The following story is fiction, but could well happen.

Leanne Smith, a recently divorced mother from New York City, woke up to a busy day. She had to get her daughter Julie dressed, feed her breakfast, and get her to the bus stop for school, all before heading off to work so that she can make enough money to keep the roof over their heads.

Leanne’s ex husband Dave will be picking Julie up from school because this is his weekend with their daughter as outlined in their custody agreement. Rick will have Julie through the weekend, and it is his responsibility to get Julie to school on Monday. Leanne will see her daughter Monday afternoon. These “free” weekends for Leanne typically mean getting the house cleaned, getting caught up on laundry, and working additional overtime to meet the bills.

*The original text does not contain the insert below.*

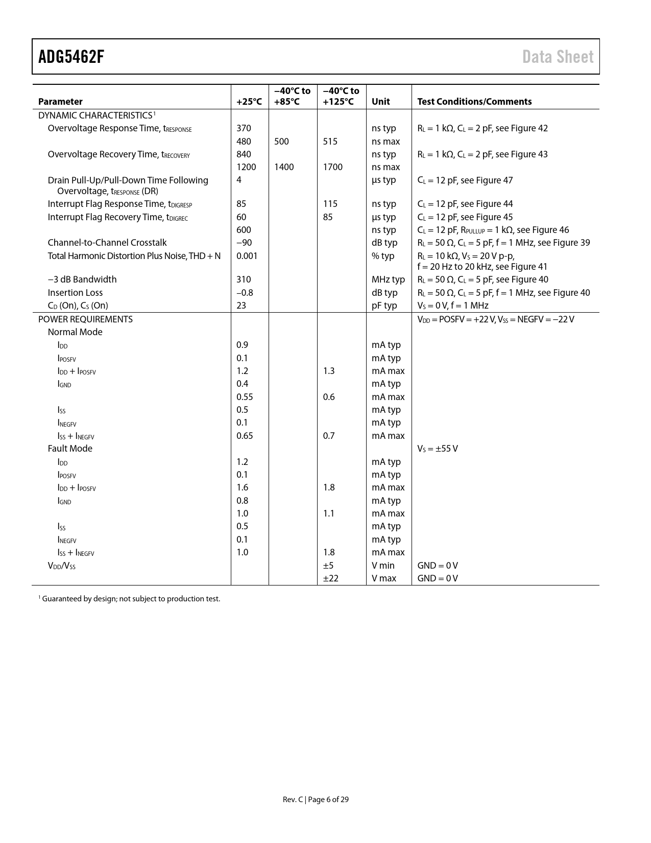 Seiten / Seite29 / 6 — ADG5462F. Data Sheet. −40°C to −40°C to. Parameter. +25°C +85°C. +125°C. …

Late Monday morning a tired Leanne gets a phone call from the school inquiring about the absence of Julie from school. Leanne was unaware of the absence, and although she does not like speaking to her ex husband Dave, she calls his house. The message she gets is the standard telephone company bulletin informing her that the number has been disconnected. Thinking she dialed wrong, she hangs up and calls again. The same message greets her ears. With a knot in her stomach she calls Dave’s cell phone. Again, a number that is not working.

Leanne, thinking the worst leaves work and drives to the apartment where Dave is now living. She knocks on the door, then bangs on the door loudly. There is no response. An inquisitive neighbor comes out and asks what is happening. Leanne tells her that this is her ex husbands apartment, and she is looking for her daughter. The neighbor informs Leanne that the man moved out on Saturday. Leanne is crushed, and calls the police.

The police investigating determine that indeed Julie is missing, and decide to issue an Amber Alert. Terrestrial radio stations in New York and New Jersey broadcast the alert with a full description of Dave as well as Julie. People in the community reach out to Leanne offering words of encouragement and support.

At the same time, in upstate New York, Dave and Julie are at a small restaurant eating lunch. Julie thinks nothing is awry, and that she is on a surprise camping trip with her father arranged earlier in the month. Her father has told her that they will be camping by Lake George for a week. Joel Smith, another of the restaurant’s patrons, strikes up a conversation with Dave and Julie, and they talk about the wildlife that can be found in upstate New York. Joel gives them some back road directions that are far more scenic than the highway and will only add about 45 minutes to their trip. Dave humors the conversation, but is eager to leave without arising suspicion.

The kindly man Joel finishes his conversation, pays his bill and leaves the restaurant. He gets into his car and turns on the radio. Sixties music greets him, and he thinks how wonderful it is that his satellite radio has channels dedicated to various decades and genres. He leaves the parking lot drumming the steering wheel to the Beach Boys. Meanwhile, every terrestrial radio station is broadcasting Amber Alerts regarding Julie and her father Dave. Joel never hears the alerts. It is not until he arrives home that evening and watches the news that Joel realizes that he had conversed with both Dave and Julie. He calls the police, but the trail is now 6 hours old.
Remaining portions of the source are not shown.